-- Given data follows --

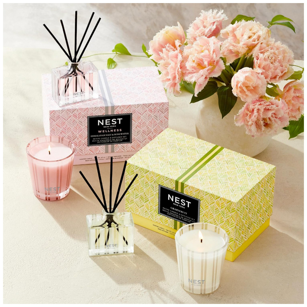 NEST New York Conjunto de Vela Perfumada Petite 12757 g e Difusor 3844 ml Vidro Reutilizável Vegano Sem Crueldade – Grapefruit
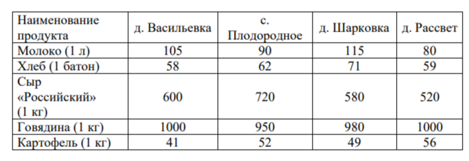 Задание 5. В таблице указана стоимость (в рублях) некоторых продуктов в четырёх магазинах, расположенных в деревне Васильевке, селе Плодородном, деревне Шарковке и деревне Рассвет.
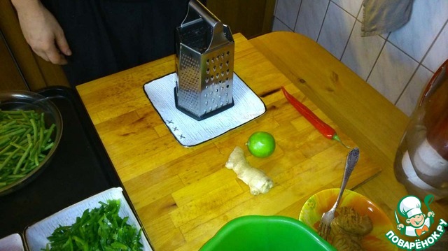 Беремся за терку. В работе с тёркой будут участвовать: лайм и корень имбиря. А именно. Натираем цедру с лайма, а корень имбиря просто натираем на мелкой терке.

-- Given data concluded --

**Work instruction**
Without the pictures, repeat every line of the material above exactly.

**Written response**
 NEST New York Conjunto de Vela Perfumada Petite 12757 g e Difusor 3844 ml Vidro Reutilizável Vegano Sem Crueldade – Grapefruit
 Задание 5. В таблице указана стоимость (в рублях) некоторых продуктов в четырёх магазинах, расположенных в деревне Васильевке, селе Плодородном, деревне Шарковке и деревне Рассвет.
 Беремся за терку. В работе с тёркой будут участвовать: лайм и корень имбиря. А именно. Натираем цедру с лайма, а корень имбиря просто натираем на мелкой терке.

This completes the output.